FAQ’s

What if I do not have insurance?
If you do not have insurance, you will be responsible for all billed charges. Payment can be made via check, money order, or major credit card. If you are unable to pay your bill in full, payment plans are available.

Why did my insurance company mail the check to me?
Different insurance companies have different policies regarding reimbursement for services rendered. Some insurance companies choose to reimburse the patients directly, instead of sending the payments to the medical providers. It is your responsibility to forward payment, and your explanation of benefits. Failure to remit payment from your insurance may constitute insurance fraud, and will be subject to referral to a collection agency.

Why should I have to pay for your service; don’t I pay taxes for this?
Contrary to popular belief, tax dollars do not cover utilization costs for medical transportation. Most fire and EMS organizations primarily rely on insurance reimbursement for the services that they provide. The cost of vehicles, insurance, facilities, fuel, medical equipment, training and supplies have escalated dramatically in recent years. But the insurance companies continue to reduce payments, and make their processes harder and more confusing. Your payment helps to secure the continued survival, and ongoing quality, of the emergency medical service in your community.

Why do volunteer organizations charge for these services?
Volunteerism in the United States has been steadily declining for over a decade, and is at an all time low where calls for emergency service would go unanswered. Many fire and EMS organizations have been forced to pay personnel to cover the hours when volunteers are not available, and when state regulations require minimum staffing levels.

Why didn’t I get a bill?
When medical transportation providers obtain all of the necessary information, and patient authorizations, we are able to submit invoices directly to the insurance company for the patient. We are frequently able to complete the billing process without involving the patient with the claims filing process. If this is the case, you may not receive a bill. You will likely receive an explanation of benefits from your health insurance carrier when they have paid your claim. If you would like a copy of the bill for your records, just let us know and we will be happy to mail it to you.

Why did the fire department or another ambulance respond to my emergency?
In many parts of the United States, it is not uncommon to have the fire department respond to EMS calls to provide additional personnel, and in some cases more rapid care until an ambulance arrives. Similarly, many EMS systems work on a tiered response system whereby both basic life support (BLS) and advanced life support (ALS) providers simultaneously respond depending on the nature of the emergency. ALS services, are staffed by Paramedics, and can administer medications, insert breathing tubes, and start IV’s among other life saving skills. In essence, they bring the Emergency Room right to your doorstep. BLS services exist in many communities and are staffed by Emergency Medical Technicians (EMT). BLS personnel are limited, by specific state laws, as to what procedures they may perform, so in many cases an ALS service may assist them in providing you with the highest possible care.
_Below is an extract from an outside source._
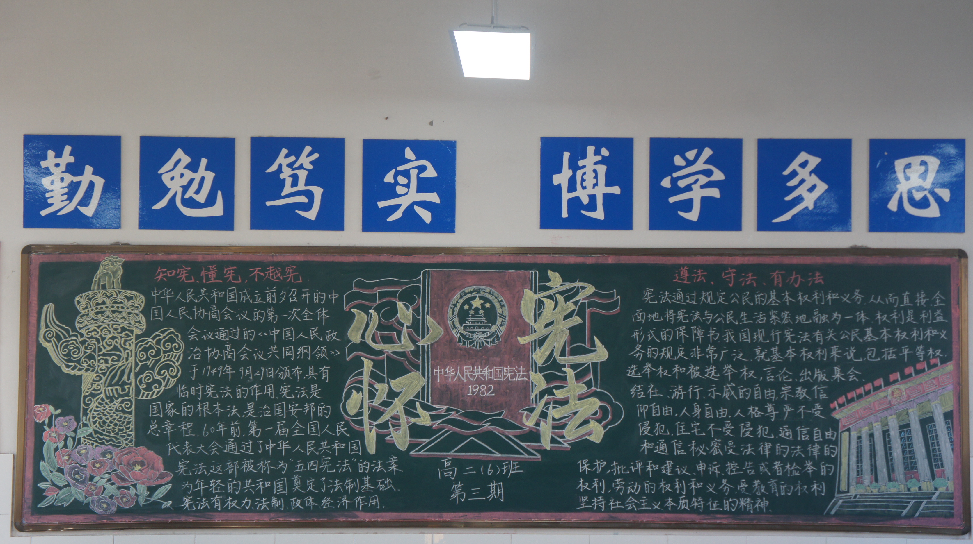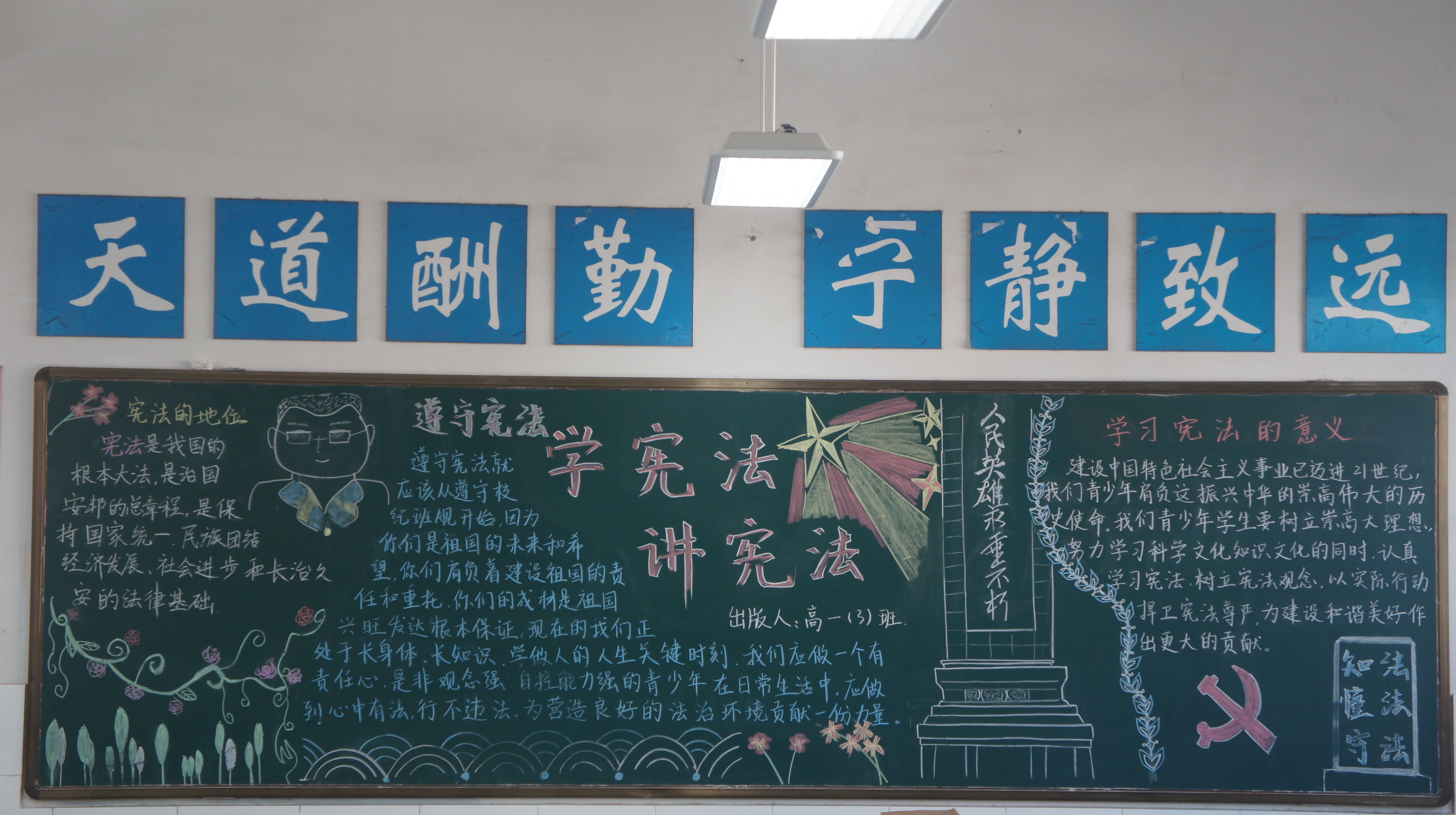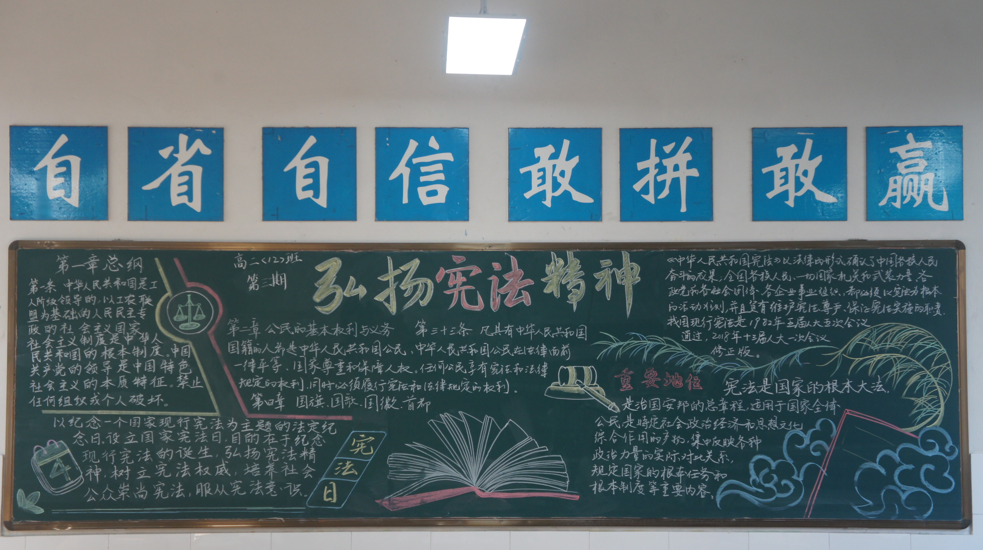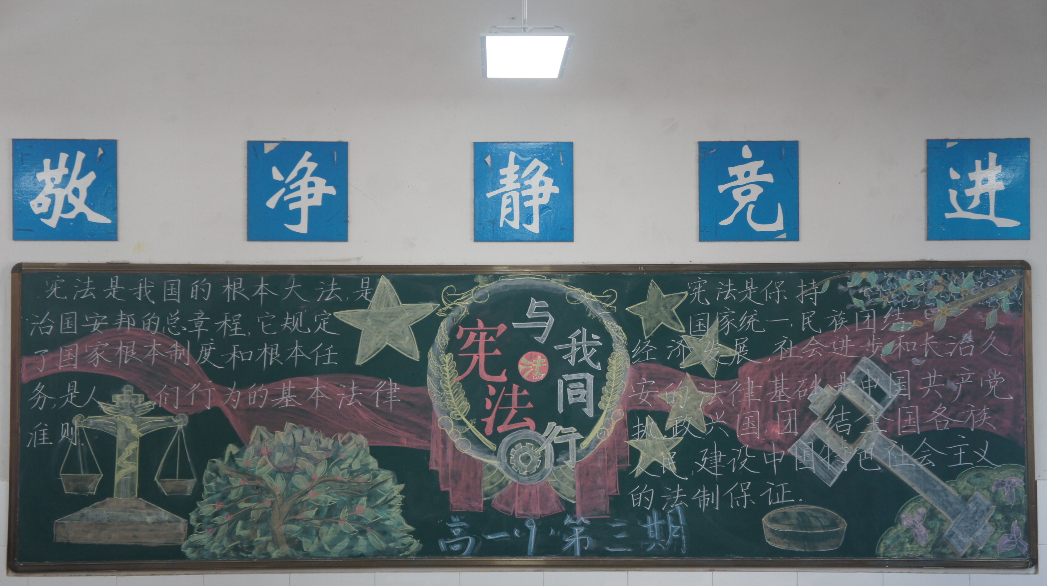 宪法是国家的根本大法,是治国安邦的总章程。为宣传国家宪法日主题教育,我校组织了一系列“学宪法 讲宪法”教育活动。我校团委联合学生处,对高一、高二年级组织开展了“学宪法 讲宪法”黑板报主题评比活动。

If Paramedics provide the highest level of care, why aren’t they sent on all emergencies?
ALS services are limited in number, and cover a large service area. They rely on local, BLS ambulances, to provide immediate life-saving interventions until an ALS service can reach your emergency and support the BLS ambulance crew.

I pay an annual subscription to my local ambulance, why do I have to pay at all?
Ambulance subscription programs are immensely popular because they provide EMS services with a major source funding to support capital equipment projects such as new vehicles and costly equipment. These annual programs also benefit the program participants (i.e. subscribers) by limiting the financial liability for the services that are rendered. For a modest annual fee, the subscription limits your “out of pocket” expense, thus saving you significant, unexpected, financial burden.

Why don’t ambulance services do their own billing?
It’s the job of the EMS service to provide you with excellent emergency service, and ambulance billing is far too complex for services to tackle themselves. In most cases, the billing function is outsourced to a billing vendor that specializes in the ever-changing regulations and complex procedures that are associated with getting your claim paid.

My insurance company didn’t pay my claim, so what do I do now?
Insurance companies offer a wide variety of benefits, but in some cases ambulance transportation is not covered. In some cases, your claim must be “medically necessary” in the eyes of the insurance company before they will pay. Many appeal processes exist that enable EMS billers to request that your claim be reevaluated upon submission of additional documentation. Only after all claim appeals are exhausted will you be held financially responsible for the services that you received.

I was in an automobile accident but was not injured; why did I receive a bill?
It is not uncommon for an ambulance to be summoned to the scene of an auto accident where, thankfully, apparent injuries did not result in the need for medical transportation. However, many times accident victims do ask EMS crews to “evaluate” them for possible injury.